Élisabeth Vu, les carnets – Dernières fleurs. La Sole dans le rôle d’Ophélie en vis-à-vis des vers de Shakespeare
La Sole en tra­gé­dienne dans le grand rôle d’Ophélia – à moins que… (détail)

Le rire à travers les flammes

L’espoir, c’est une touche d’humour et de la grâce, quoi qu’il advienne. La capa­cité de rire, de voir le ridi­cule, de ne pas exces­si­ve­ment se cris­per quand les choses deviennent impos­sibles. Disons : le rire à tra­vers les flammes.

Charles bukowsky

Les mots particules

Der­rière le miroir d’Alice se trouve un vaste bois très sombre – « l’anonymommable forêt » du lin­guiste René Jorgen –, où les choses n’ont pas de nom…

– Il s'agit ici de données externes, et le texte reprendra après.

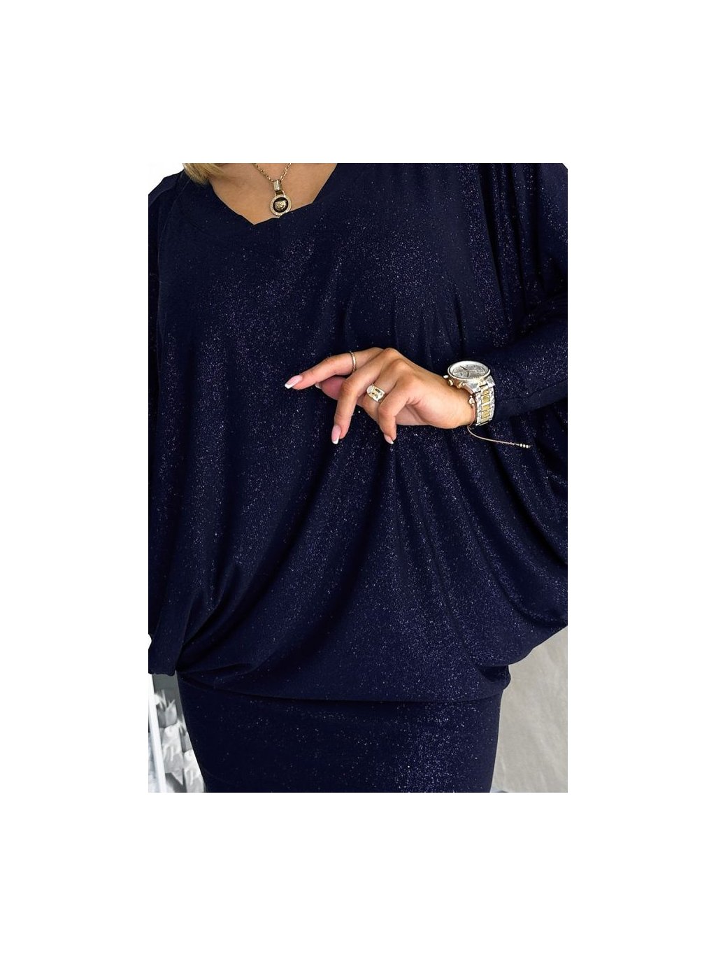 Netopýří šaty s výstřihem. Vyrobeno z elastického materiálu se třpytkami. Tmavě modrá barva. Značka Numoco . Polská výroba.

Inquiète à l’idée de perdre son nom, Alice hésite un ins­tant à péné­trer dans le bois, puis s’aventure :
En tout cas, ma foi, dit-elle bra­ve­ment, c’est bien agréable, après avoir eu si chaud, de péné­trer dans le… dans la… dans quoi ?
Sur­prise d’avoir oublié le nom, elle tente de s’en sou­ve­nir :
Je veux dire, de se trou­ver sous le… sous la… sous ceci, voyez-vous bien ! dit-elle en met­tant la main sur le tronc d’un arbre. Com­ment diable est-ce que cela s’appelle ? Je crois vrai­ment que ça n’a pas de nom… Mais, voyons, bien sûr que ça n’en a pas !

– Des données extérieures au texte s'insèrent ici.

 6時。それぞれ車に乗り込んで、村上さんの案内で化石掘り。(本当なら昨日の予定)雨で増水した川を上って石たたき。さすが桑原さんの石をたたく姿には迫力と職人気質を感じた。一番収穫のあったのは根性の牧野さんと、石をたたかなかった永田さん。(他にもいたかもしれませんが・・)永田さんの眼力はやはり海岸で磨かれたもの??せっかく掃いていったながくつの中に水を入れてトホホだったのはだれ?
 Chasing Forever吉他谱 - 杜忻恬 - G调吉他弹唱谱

Et tandis qu’Alice tente de s’y retrou­ver : Et main­te­nant, qui suis-je ?, Alberto Man­guel, grand lec­teur de ses aven­tures, pose cette ques­tion en forme d’énigme : Alice doit-elle se rap­pe­ler ces noms oubliés ou doit-elle les fabri­quer, tout neufs ? – et cette autre, quelques pages plus loin : Et qu’entendons-nous par un « nom » ?

Alberto Man­guel, Dans la forêt du miroir, Actes Sud, 2000
Lewis Car­roll, De l’autre côté du miroir

Le vrai du faux

[…] J’ai lu tous ces auteurs, sans trop leur repro­cher de mentir, vu que c’est déjà pra­tique cou­rante même chez ceux qui font pro­fes­sion de phi­lo­so­pher. Mais j’étais étonné qu’ils aient cru pou­voir écrire des choses fausses sans qu’on s’en aper­çût. C’est pour­quoi moi aussi (par vaine gloire !), j’ai tenu à trans­mettre quelque chose à la pos­té­rité, et je ne veux pas être le seul privé de la liberté d’affabuler. Puisque je n’avais rien de vrai à racon­ter, n’ayant jamais rien vécu d’intéressant, je me suis adonné au men­songe avec beau­coup plus d’honnêteté que les autres. Car je dirais la vérité au moins sur un point : en disant que je mens. […]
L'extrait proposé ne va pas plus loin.